### DIRECTIONS
Going down the listing below, print exactly each line from the one with "Rotoiti Explorer Boat Cruise" up to and including the one with "The SafeSide® R-3F", and skip the rest.
══ MATERIALS PROVIDED ══
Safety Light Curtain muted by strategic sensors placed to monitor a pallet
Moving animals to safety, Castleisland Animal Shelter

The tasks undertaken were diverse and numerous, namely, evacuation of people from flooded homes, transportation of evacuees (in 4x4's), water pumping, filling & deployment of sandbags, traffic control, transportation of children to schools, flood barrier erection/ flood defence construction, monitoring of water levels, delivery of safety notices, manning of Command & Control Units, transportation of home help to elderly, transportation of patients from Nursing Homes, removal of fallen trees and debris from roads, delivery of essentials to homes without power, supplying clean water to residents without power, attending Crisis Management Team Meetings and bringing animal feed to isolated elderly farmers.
═══
══ MATERIALS PROVIDED ══
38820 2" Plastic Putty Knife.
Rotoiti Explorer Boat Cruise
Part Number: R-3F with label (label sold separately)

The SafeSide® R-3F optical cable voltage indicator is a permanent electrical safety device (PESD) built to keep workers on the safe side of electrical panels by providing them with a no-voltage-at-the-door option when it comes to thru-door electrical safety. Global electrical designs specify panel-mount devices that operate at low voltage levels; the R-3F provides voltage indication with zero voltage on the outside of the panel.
═══
### RESPONSE TO THE TASK
Rotoiti Explorer Boat Cruise
Part Number: R-3F with label (label sold separately)

The SafeSide® R-3F optical cable voltage indicator is a permanent electrical safety device (PESD) built to keep workers on the safe side of electrical panels by providing them with a no-voltage-at-the-door option when it comes to thru-door electrical safety. Global electrical designs specify panel-mount devices that operate at low voltage levels; the R-3F provides voltage indication with zero voltage on the outside of the panel.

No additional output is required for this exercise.